It seemed as if everything was moving in slow motion as I walked into my AP Government class to take my final. Not too far into that period, inevitably, I received my first “What was your score?” of the day.
I had prepared myself for the question the night before. “Just decline to answer,” I thought. “Don’t compare your score to other people’s scores.” We all know that it’s easier said than done. To continuously hear conversation about who got what score is a hard task in itself- then to not compare your score to theirs? It seems impossible.
The advice seems generic, but in order to maintain your sanity, you must block out the outside noise demanding what your test scores should be. Comparison is the thief of joy.

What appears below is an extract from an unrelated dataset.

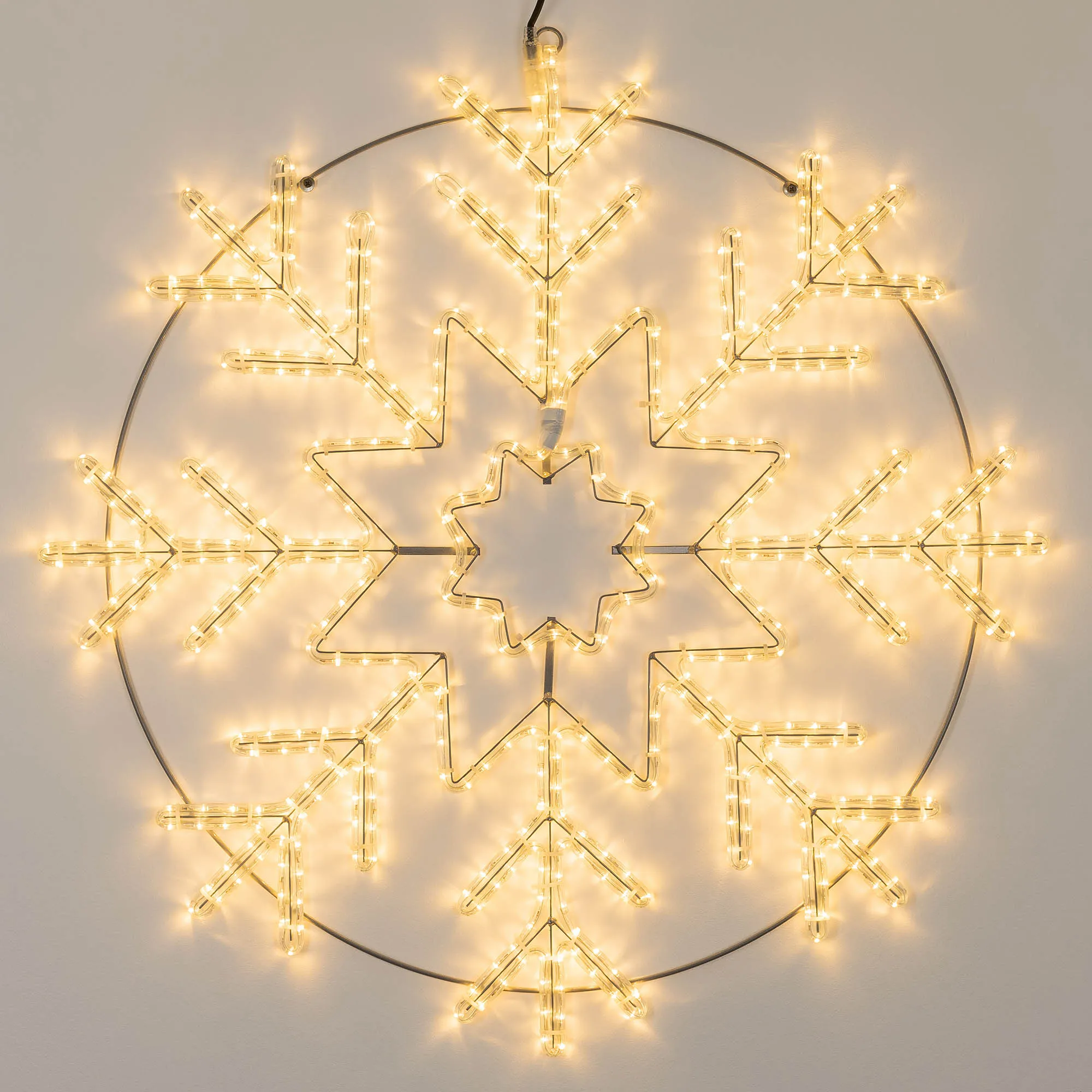 Светодиодная фигура СНЕЖИНКА. Размер 950x950 мм. Цвет светодиодов ТЕПЛЫЙ БЕЛЫЙ (3000 К), постоянное свечение. 540 светодиодов. Напряжение питания 230 В, потребляемая мощность 33 Вт, степень пылевлагозащиты IP65. Фигура укомплектована проводом питания для подключения к сети 230 В (без вилки питания).

It should not be good news to you that you did better than so-and-so, just like someone else’s higher score shouldn’t crush your confidence. You should hold yourself to your own standard. If you fail to meet your standards, then you have the right to be disappointed.

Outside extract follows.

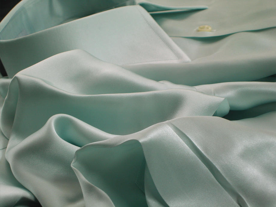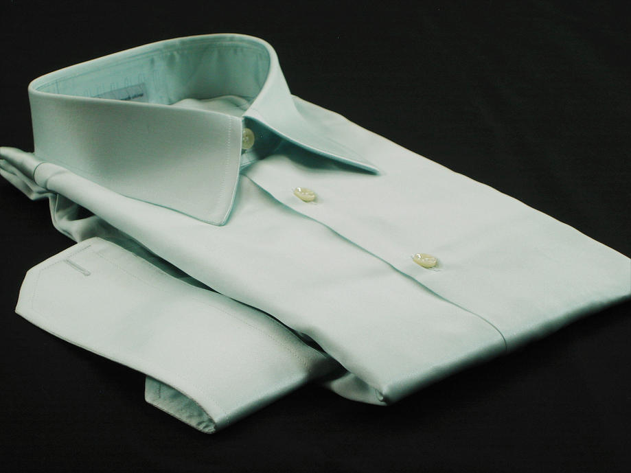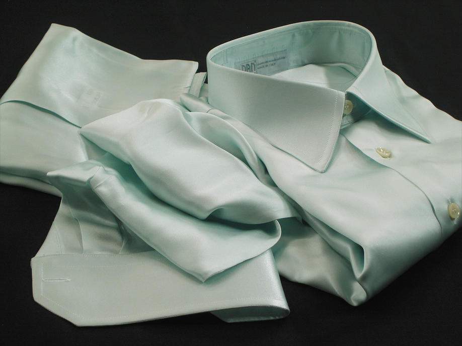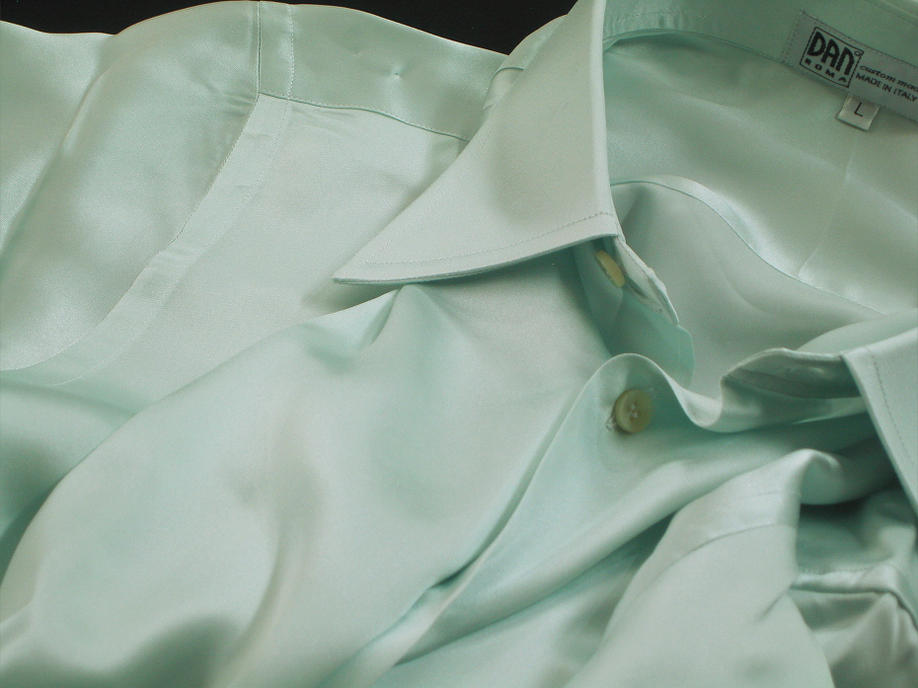 ★シルクサテンシャツ真珠色のアクアグリーンです。★一度は着てみたいものです・・・・・・・❤

You’ll hear it a million times: take it again, study harder, strengthen your weaknesses, and get better with timing. Although standardized tests do hold a weight on your college admission and on how many scholarship dollars you receive, remember that you have so much more to offer than a test score.
With this being said, if you lack in test scores, excel with your grades. Excel in your extracurriculars. Take the most rigorous courses your school offers. Enroll in dual enrollment. Get a job. Build your resume. If you were unable to excel during your high school career, inform your colleges of the obstacles that prevented you from exceeding your potential in your essays. Remember, you are more than your score.